(Exercise data begins)

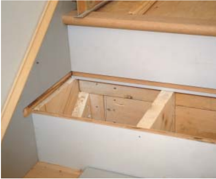
Figure 8. By piloting the connecting screw at the lower edge of the riser dado, the author takes advantage of the screw's displacement to force the rabbeted tread upward in the groove as it's drawn in, tightly closing the joint. A generous bead of construction adhesive permanently fills the gaps and eliminates movement.
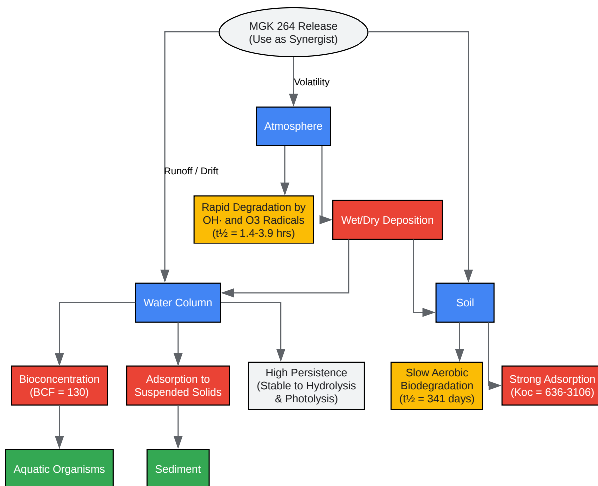
Figure 1. Environmental Fate of MGK 264

Click to download full resolution via product page
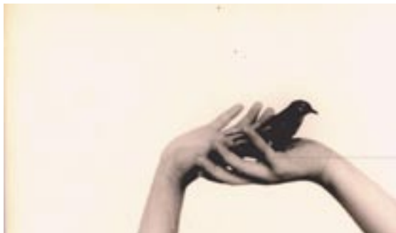
Masao Yamamoto, Untitled #955 , Gelatin silver print with mixed media

It is a great pleasure to report on a wonderful year of excellent and exciting programs and accomplishments for The Print Center. In addition to presenting a full schedule of exhibitions and educational programs, we were busily engaged in growing the reputation and profile of The Print Center while participating in our community. I am especially pleased by the attention we have received from national level foundations. We were awarded a large grant from The Andy Warhol Foundation for the Visual Arts for two years of general program support, as well as support from the International Fine Print Dealers Association for our exhibition Pulling From History: The Old Masters and from the Japan Foundation for Nakazora: space between sky and earth: Masao Yamamoto . These grants not only provide financial awards, but also validate the relevance and significance of the quality of the work we present. We look forward to offering more high quality and exciting programs.
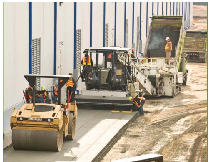
RCC paving train
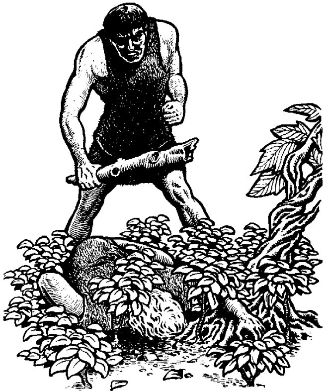
By allowing hate to control his mind, Cain became the world's first murderer!

Shortly after this, when Cain and Abel were alone in the field, Cain turned on his
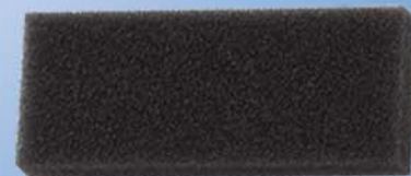
Foam Pollen Filter UNIT- Remstar Pro, Pro2, Plus & Auto PART # SPF-1005964 QTY - 2 pack
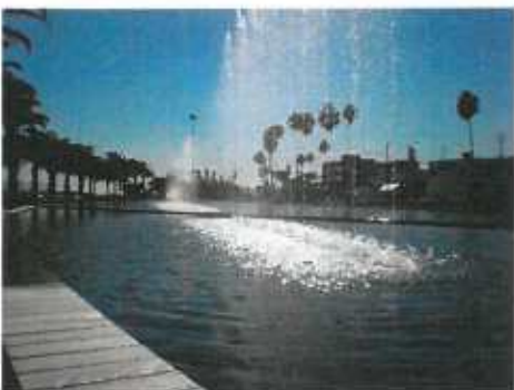
Gateway Plaza Fanfare Fountain Harbor Blvd. at Swinford Street
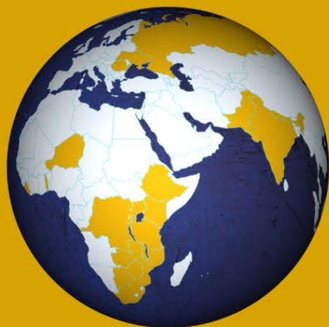
Reach Out Global Map

God moved mightily through our Reach Out team in 2023, more than we ever could have imagined! Investing into the training and equipping of youth leaders is crucial in spreading the message of the gospel to the younger generation. Our Country Leaders witnessed God's hand in allowing our team to train and equip more than 5,000 youth leaders this past year who are now implementing the six essential characteristics taught through Jesus-Focused Youth Ministry into local churches in countries all over the world. Accounts were received about the impact of our JFYM Forums that brought newly certified Eagle Leaders (leaders who are now equipped to train other leaders), churches planted, and onlookers saved. Over 18,000 students were saved through the ministries of those trained in Jesus-Focused Youth Ministry . And thousands more are currently being disciplined into disciple-makers for their generation!

(Exercise data ends)

> [Your goal] What you return must match, character for character, the lines above from the one with "Figure 1. Environmental Fate of MGK 264" through the one with "Masao Yamamoto, Untitled", minus any pictures.

> [Result]
Figure 1. Environmental Fate of MGK 264

Click to download full resolution via product page
Masao Yamamoto, Untitled #955 , Gelatin silver print with mixed media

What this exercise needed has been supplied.